- [What you have to do]:
Only the tail of the listing is wanted: the line containing "A two-piece men's" and all after it, repeated exactly, pictures omitted.

- [Provided data]:
Start of Block

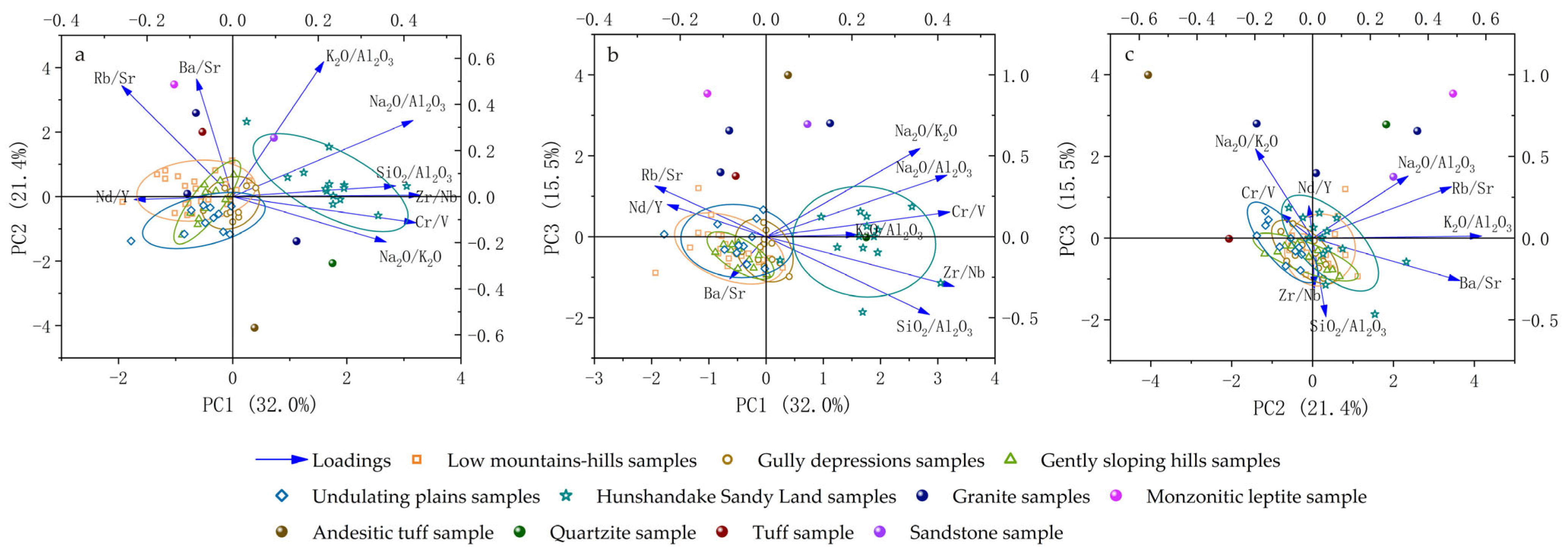 | Na2O/K2O | 0.35903 | −0.19757 | 0.54569 |
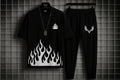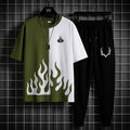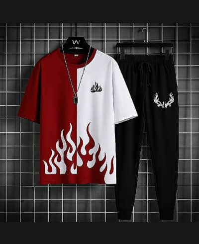 A two-piece men's tracksuit with a shirt and trousers. These tracksuits are typically made from soft, stretchable, and breathable fabrics like cotton jersey or mesh to allow for freedom of movement during exercise or for daily casual wear. They come in various styles, from basic solid colors to trendy prints. Breathable fabric. Available in differet colours.
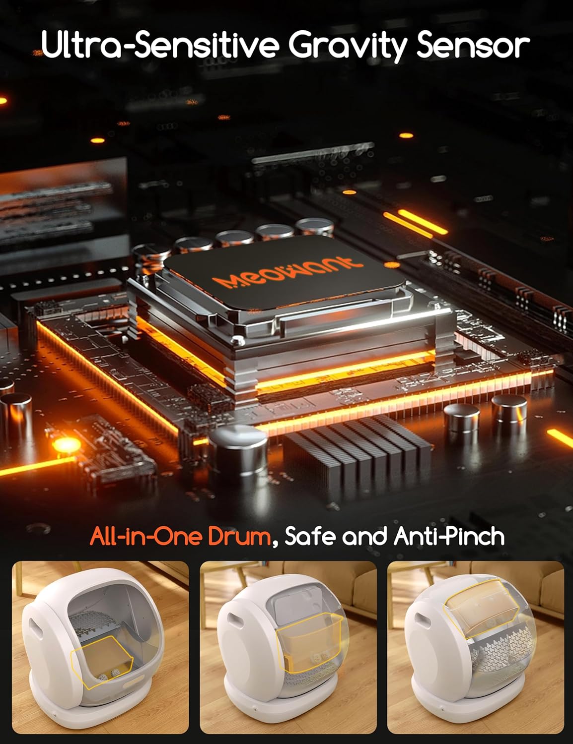 - Anti-Pinch & Safety Alerts: With a unique built-in anti-pinch design, this automatic litter box ensures your cat won't get caught between the litter chamber and the drum. Itβs equipped with 9 high-precision sensors for weight detection, motion stopping, and safety alerts to keep your furry friend safe. Please avoid placing a mat under the litter box to prevent weight measurement errors
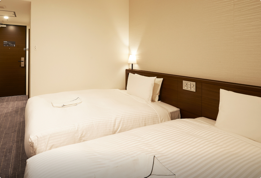 ご夫婦やファミリー、お友達同士とのご利用に快適にお過ごしいただけます。2台のベッドを隙間なく設置したハリウッドツインタイプの客室です。
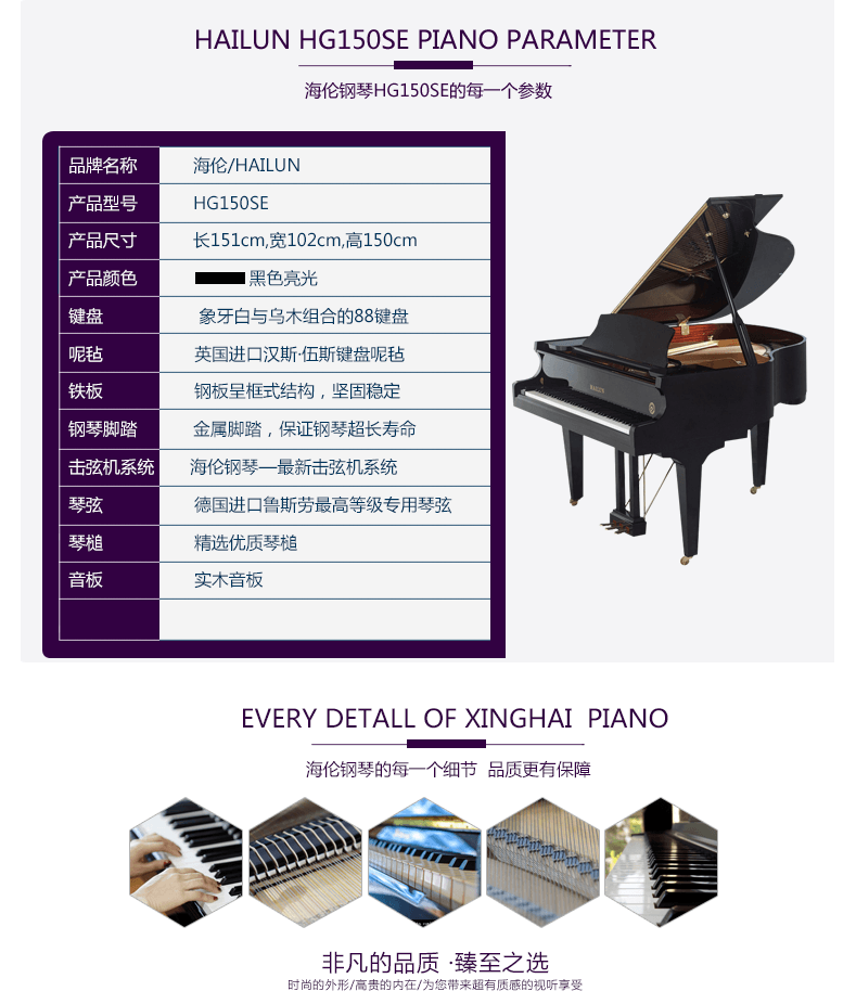 型号:HG150se类型:三角钢琴系列:中端家用系列
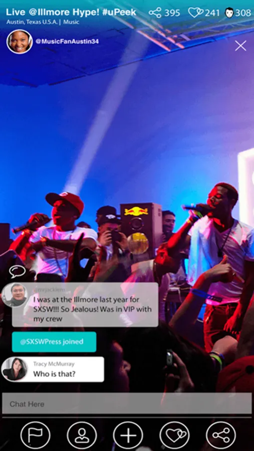 In stream Chat, Comments, Likes and Follows occurring in-app appear in your Facebook timeline and Twitter feed immediately. With uPeek, you and your viewers can invite additional friends by sharing with just a touch.
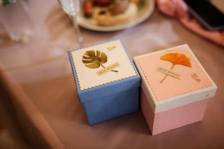 Gift boxes with bow on blue-pink pastel background. Composition for christmas, birthday or wedding.
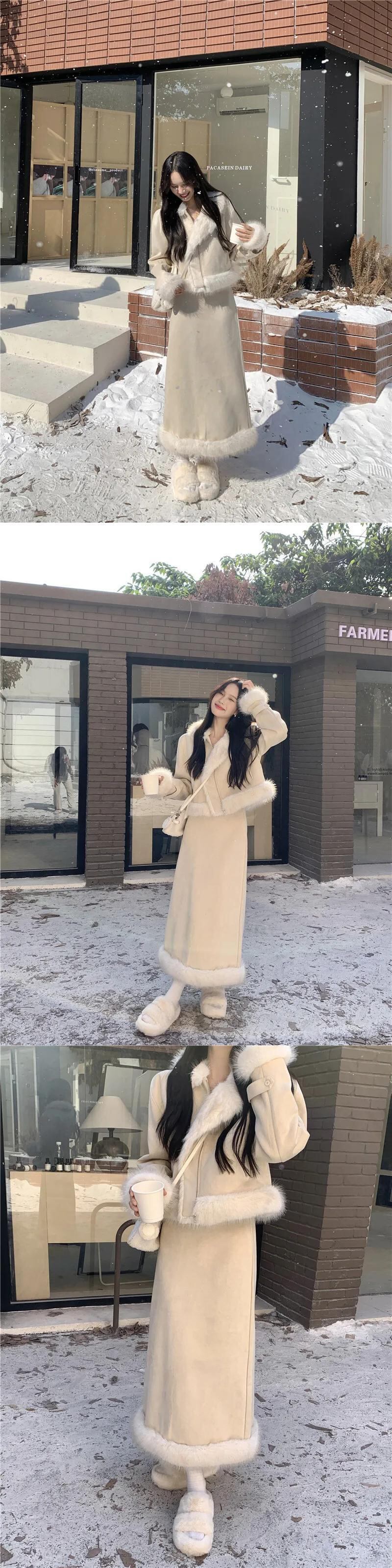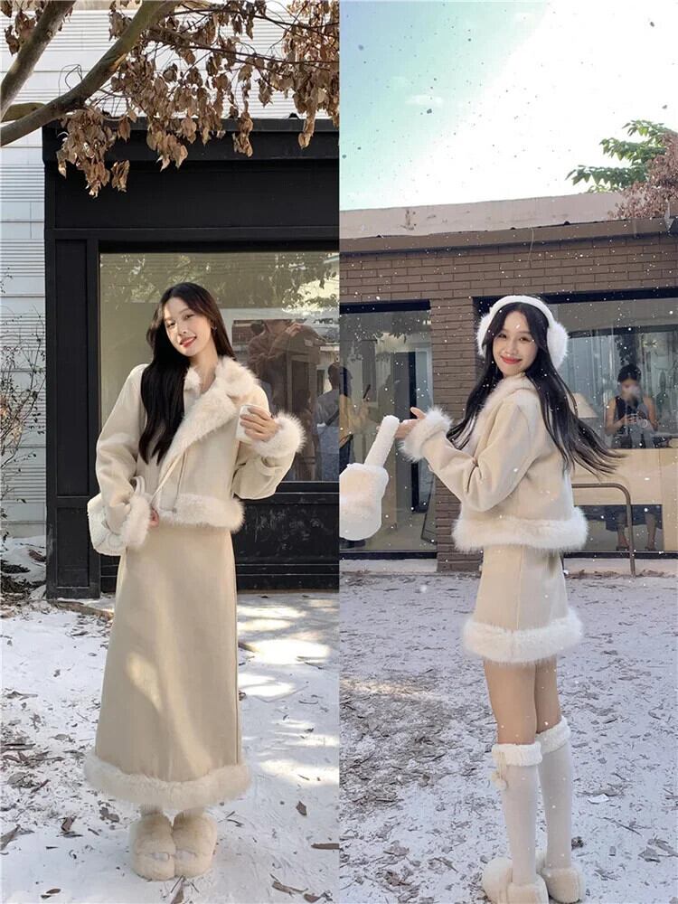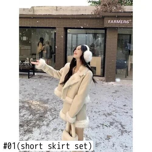 甘いホットガールスーツ秋と冬肥厚ショートコットンジャケットミニスカートツーピースセット 大人ガーリー スウィート キュート カジュアル オータム 秋物 ウィンター 冬物

End of Block

- [Response area]:
 A two-piece men's tracksuit with a shirt and trousers. These tracksuits are typically made from soft, stretchable, and breathable fabrics like cotton jersey or mesh to allow for freedom of movement during exercise or for daily casual wear. They come in various styles, from basic solid colors to trendy prints. Breathable fabric. Available in differet colours.
 - Anti-Pinch & Safety Alerts: With a unique built-in anti-pinch design, this automatic litter box ensures your cat won't get caught between the litter chamber and the drum. Itβs equipped with 9 high-precision sensors for weight detection, motion stopping, and safety alerts to keep your furry friend safe. Please avoid placing a mat under the litter box to prevent weight measurement errors
 ご夫婦やファミリー、お友達同士とのご利用に快適にお過ごしいただけます。2台のベッドを隙間なく設置したハリウッドツインタイプの客室です。
 型号:HG150se类型:三角钢琴系列:中端家用系列
 In stream Chat, Comments, Likes and Follows occurring in-app appear in your Facebook timeline and Twitter feed immediately. With uPeek, you and your viewers can invite additional friends by sharing with just a touch.
 Gift boxes with bow on blue-pink pastel background. Composition for christmas, birthday or wedding.
 甘いホットガールスーツ秋と冬肥厚ショートコットンジャケットミニスカートツーピースセット 大人ガーリー スウィート キュート カジュアル オータム 秋物 ウィンター 冬物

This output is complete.